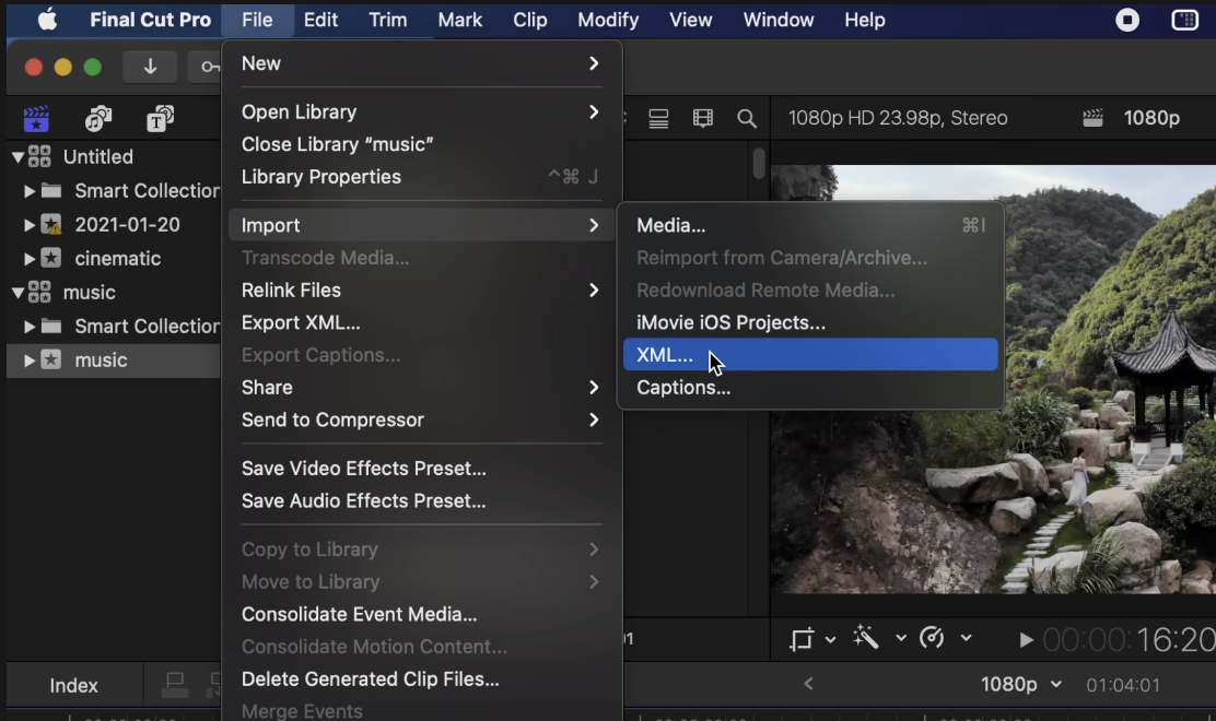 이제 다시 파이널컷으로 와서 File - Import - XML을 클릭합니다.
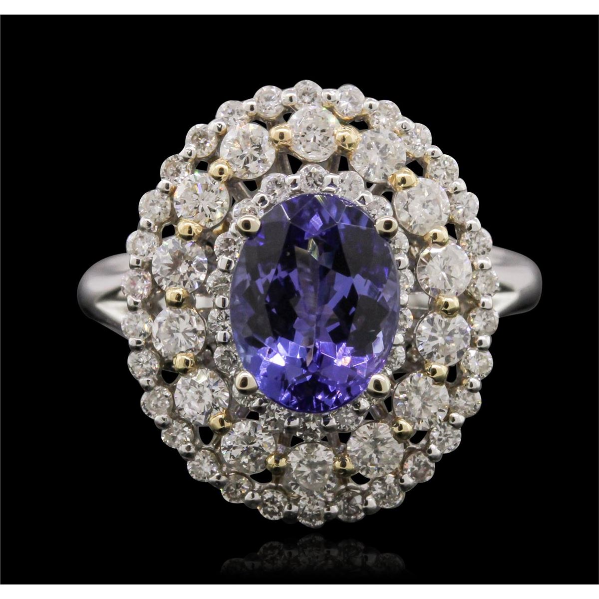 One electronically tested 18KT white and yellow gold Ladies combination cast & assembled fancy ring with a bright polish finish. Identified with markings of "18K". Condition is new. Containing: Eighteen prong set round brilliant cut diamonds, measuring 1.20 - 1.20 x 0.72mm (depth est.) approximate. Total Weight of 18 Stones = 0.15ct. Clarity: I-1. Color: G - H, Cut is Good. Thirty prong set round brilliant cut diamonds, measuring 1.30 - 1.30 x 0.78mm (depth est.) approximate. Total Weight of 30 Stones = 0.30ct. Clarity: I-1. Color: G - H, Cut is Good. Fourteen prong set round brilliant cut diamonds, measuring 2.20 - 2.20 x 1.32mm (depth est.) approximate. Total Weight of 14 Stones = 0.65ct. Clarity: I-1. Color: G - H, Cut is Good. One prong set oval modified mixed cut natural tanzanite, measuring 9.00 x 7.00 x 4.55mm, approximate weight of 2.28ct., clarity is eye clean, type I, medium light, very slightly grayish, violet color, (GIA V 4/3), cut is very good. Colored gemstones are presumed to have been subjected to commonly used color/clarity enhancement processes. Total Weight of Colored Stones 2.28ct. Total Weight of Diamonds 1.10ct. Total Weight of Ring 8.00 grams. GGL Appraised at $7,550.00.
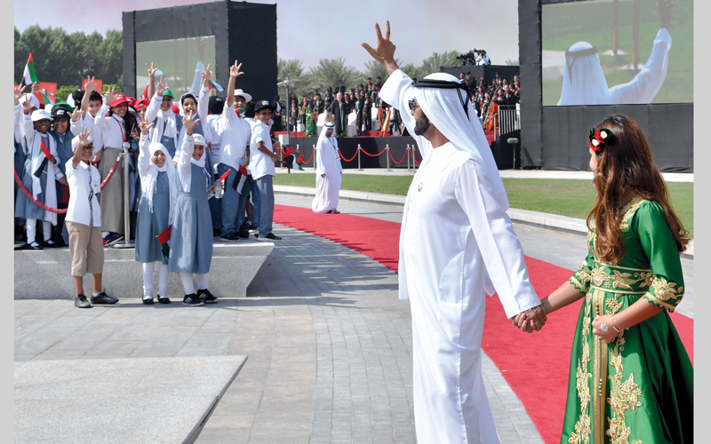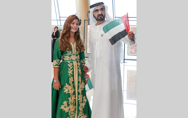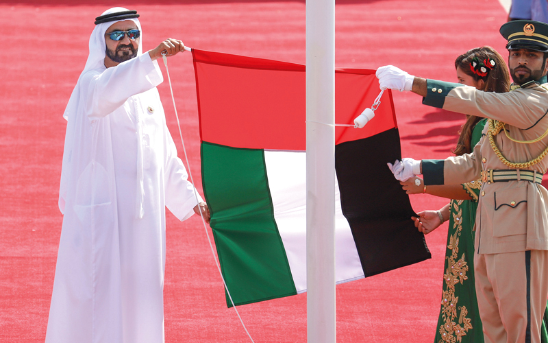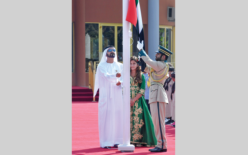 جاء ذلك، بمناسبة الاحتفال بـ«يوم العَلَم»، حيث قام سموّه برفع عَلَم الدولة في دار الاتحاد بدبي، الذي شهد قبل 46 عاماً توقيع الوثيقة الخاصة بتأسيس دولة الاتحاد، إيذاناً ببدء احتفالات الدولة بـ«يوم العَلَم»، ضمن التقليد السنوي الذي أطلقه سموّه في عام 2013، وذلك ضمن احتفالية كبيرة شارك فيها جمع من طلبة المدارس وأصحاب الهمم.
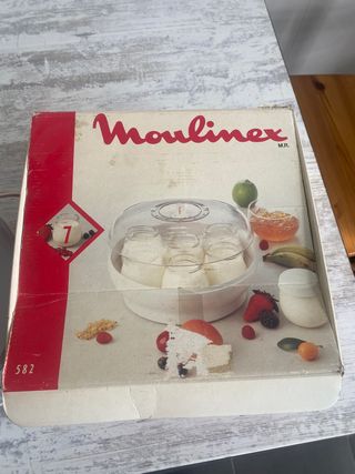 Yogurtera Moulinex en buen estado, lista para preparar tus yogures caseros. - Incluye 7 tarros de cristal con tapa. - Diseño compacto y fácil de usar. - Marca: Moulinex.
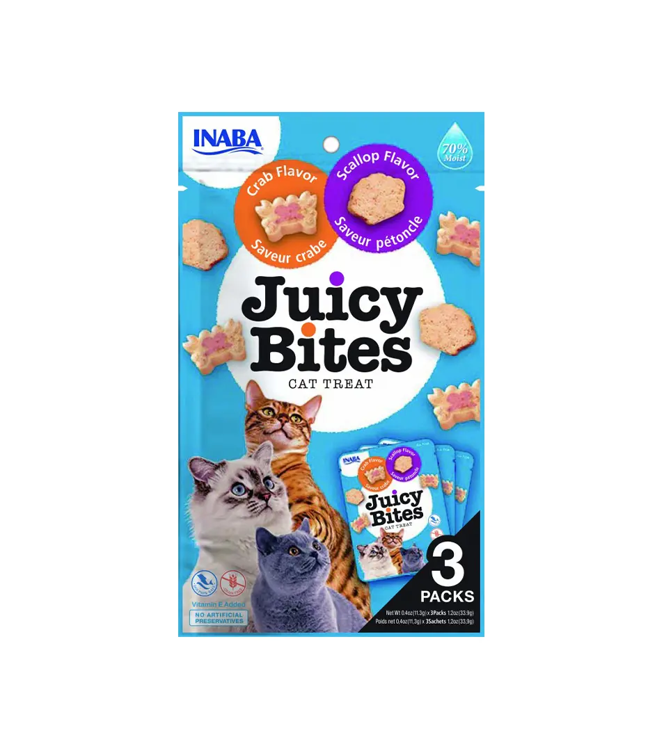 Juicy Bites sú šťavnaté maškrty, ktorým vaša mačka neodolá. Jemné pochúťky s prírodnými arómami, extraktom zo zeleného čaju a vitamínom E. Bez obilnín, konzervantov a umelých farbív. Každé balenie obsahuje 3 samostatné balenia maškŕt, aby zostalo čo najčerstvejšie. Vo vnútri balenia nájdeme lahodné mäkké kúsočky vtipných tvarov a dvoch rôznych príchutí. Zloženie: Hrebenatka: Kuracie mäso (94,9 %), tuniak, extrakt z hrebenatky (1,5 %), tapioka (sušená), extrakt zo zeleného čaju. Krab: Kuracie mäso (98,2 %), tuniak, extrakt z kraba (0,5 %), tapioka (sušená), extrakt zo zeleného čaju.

########################################

• _WORK TO BE COMPLETED_
Every line above should be retyped exactly; the pictures do not belong in the copy.

• _FINAL ANSWER_
 이제 다시 파이널컷으로 와서 File - Import - XML을 클릭합니다.
 One electronically tested 18KT white and yellow gold Ladies combination cast & assembled fancy ring with a bright polish finish. Identified with markings of "18K". Condition is new. Containing: Eighteen prong set round brilliant cut diamonds, measuring 1.20 - 1.20 x 0.72mm (depth est.) approximate. Total Weight of 18 Stones = 0.15ct. Clarity: I-1. Color: G - H, Cut is Good. Thirty prong set round brilliant cut diamonds, measuring 1.30 - 1.30 x 0.78mm (depth est.) approximate. Total Weight of 30 Stones = 0.30ct. Clarity: I-1. Color: G - H, Cut is Good. Fourteen prong set round brilliant cut diamonds, measuring 2.20 - 2.20 x 1.32mm (depth est.) approximate. Total Weight of 14 Stones = 0.65ct. Clarity: I-1. Color: G - H, Cut is Good. One prong set oval modified mixed cut natural tanzanite, measuring 9.00 x 7.00 x 4.55mm, approximate weight of 2.28ct., clarity is eye clean, type I, medium light, very slightly grayish, violet color, (GIA V 4/3), cut is very good. Colored gemstones are presumed to have been subjected to commonly used color/clarity enhancement processes. Total Weight of Colored Stones 2.28ct. Total Weight of Diamonds 1.10ct. Total Weight of Ring 8.00 grams. GGL Appraised at $7,550.00.
 جاء ذلك، بمناسبة الاحتفال بـ«يوم العَلَم»، حيث قام سموّه برفع عَلَم الدولة في دار الاتحاد بدبي، الذي شهد قبل 46 عاماً توقيع الوثيقة الخاصة بتأسيس دولة الاتحاد، إيذاناً ببدء احتفالات الدولة بـ«يوم العَلَم»، ضمن التقليد السنوي الذي أطلقه سموّه في عام 2013، وذلك ضمن احتفالية كبيرة شارك فيها جمع من طلبة المدارس وأصحاب الهمم.
 Yogurtera Moulinex en buen estado, lista para preparar tus yogures caseros. - Incluye 7 tarros de cristal con tapa. - Diseño compacto y fácil de usar. - Marca: Moulinex.
 Juicy Bites sú šťavnaté maškrty, ktorým vaša mačka neodolá. Jemné pochúťky s prírodnými arómami, extraktom zo zeleného čaju a vitamínom E. Bez obilnín, konzervantov a umelých farbív. Každé balenie obsahuje 3 samostatné balenia maškŕt, aby zostalo čo najčerstvejšie. Vo vnútri balenia nájdeme lahodné mäkké kúsočky vtipných tvarov a dvoch rôznych príchutí. Zloženie: Hrebenatka: Kuracie mäso (94,9 %), tuniak, extrakt z hrebenatky (1,5 %), tapioka (sušená), extrakt zo zeleného čaju. Krab: Kuracie mäso (98,2 %), tuniak, extrakt z kraba (0,5 %), tapioka (sušená), extrakt zo zeleného čaju.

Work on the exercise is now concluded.